THE TASK: Word for word, copy out the entries below, but not the pictures in them.

Records drawn from a dataset:

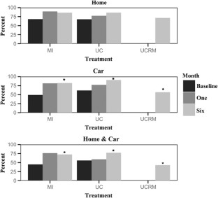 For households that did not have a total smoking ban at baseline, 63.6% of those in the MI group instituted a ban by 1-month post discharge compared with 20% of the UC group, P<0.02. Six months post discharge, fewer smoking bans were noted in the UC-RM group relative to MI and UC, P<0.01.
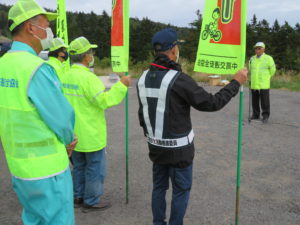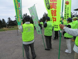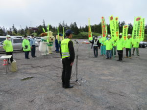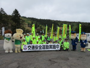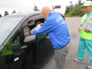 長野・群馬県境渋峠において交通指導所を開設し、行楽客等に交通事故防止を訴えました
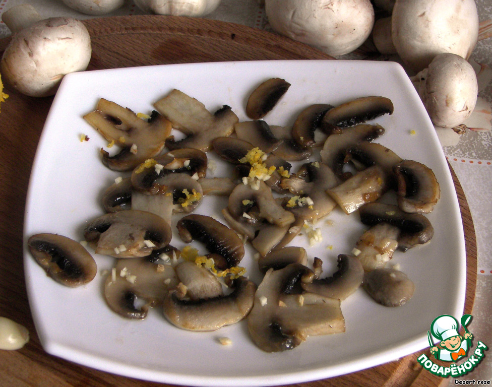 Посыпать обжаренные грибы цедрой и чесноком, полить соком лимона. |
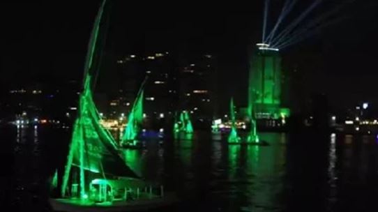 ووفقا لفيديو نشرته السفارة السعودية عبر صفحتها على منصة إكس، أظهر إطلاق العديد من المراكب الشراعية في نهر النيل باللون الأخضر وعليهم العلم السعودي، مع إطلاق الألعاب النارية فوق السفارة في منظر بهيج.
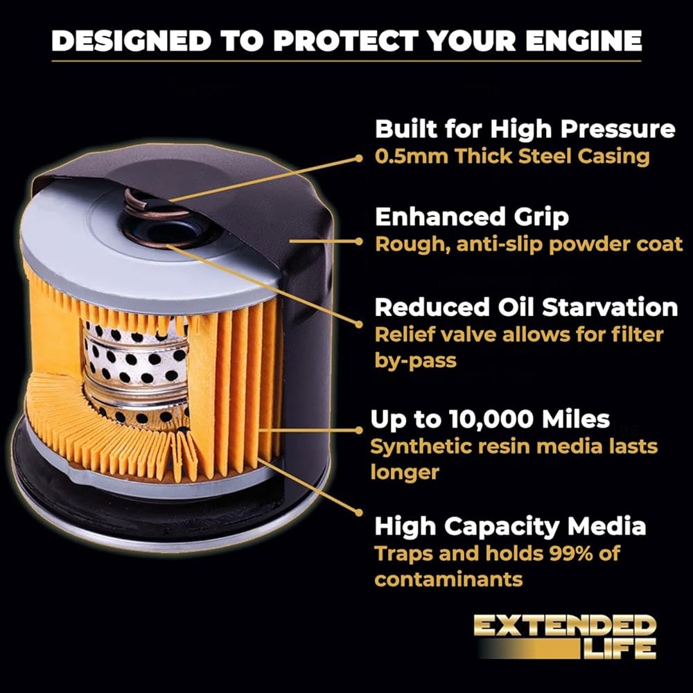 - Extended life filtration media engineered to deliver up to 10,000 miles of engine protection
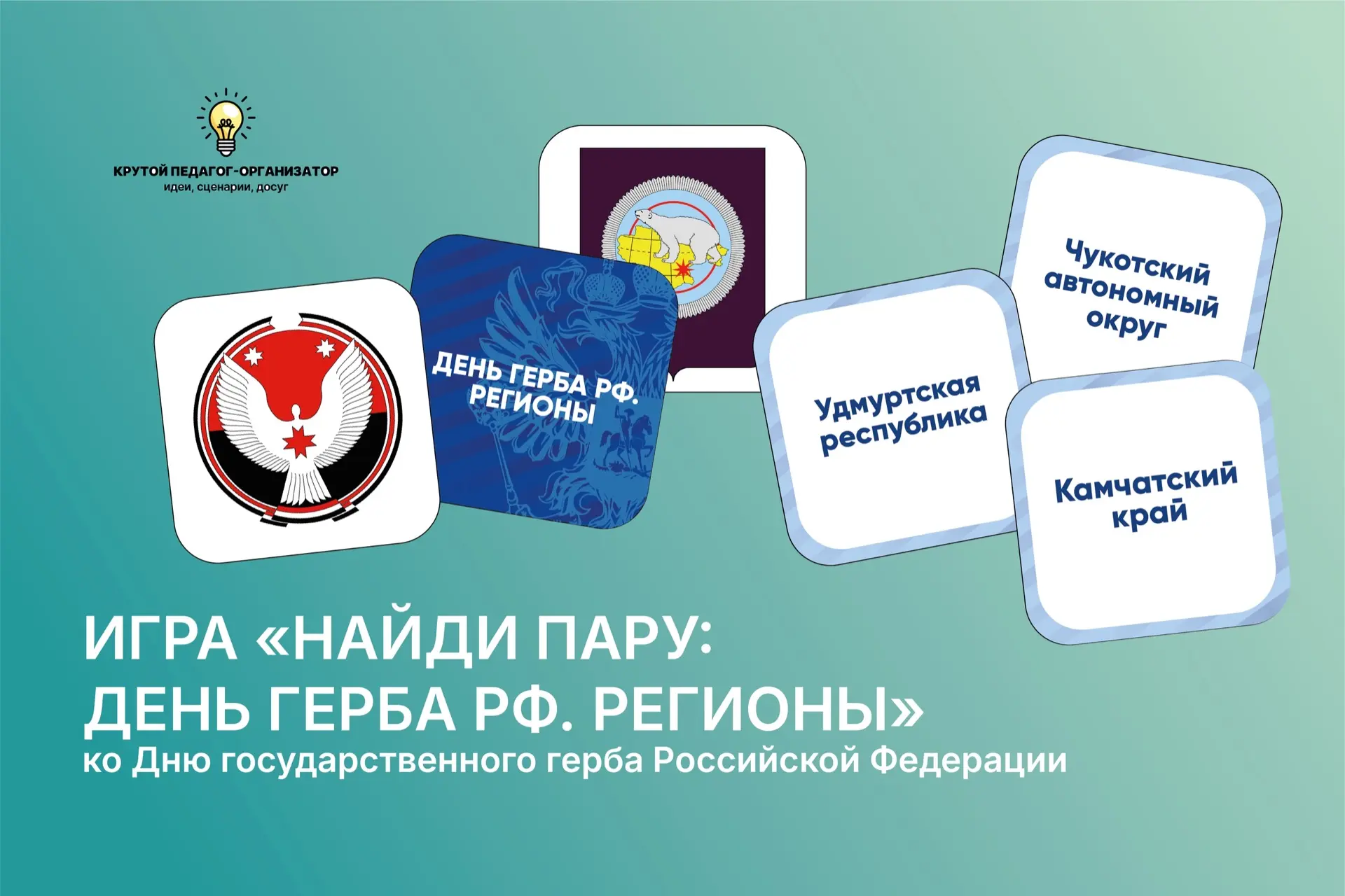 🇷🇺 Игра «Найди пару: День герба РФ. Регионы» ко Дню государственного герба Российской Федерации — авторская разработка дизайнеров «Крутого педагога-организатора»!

ANSWER SPACE:
 For households that did not have a total smoking ban at baseline, 63.6% of those in the MI group instituted a ban by 1-month post discharge compared with 20% of the UC group, P<0.02. Six months post discharge, fewer smoking bans were noted in the UC-RM group relative to MI and UC, P<0.01.
 長野・群馬県境渋峠において交通指導所を開設し、行楽客等に交通事故防止を訴えました
 Посыпать обжаренные грибы цедрой и чесноком, полить соком лимона. |
 ووفقا لفيديو نشرته السفارة السعودية عبر صفحتها على منصة إكس، أظهر إطلاق العديد من المراكب الشراعية في نهر النيل باللون الأخضر وعليهم العلم السعودي، مع إطلاق الألعاب النارية فوق السفارة في منظر بهيج.
 - Extended life filtration media engineered to deliver up to 10,000 miles of engine protection
 🇷🇺 Игра «Найди пару: День герба РФ. Регионы» ко Дню государственного герба Российской Федерации — авторская разработка дизайнеров «Крутого педагога-организатора»!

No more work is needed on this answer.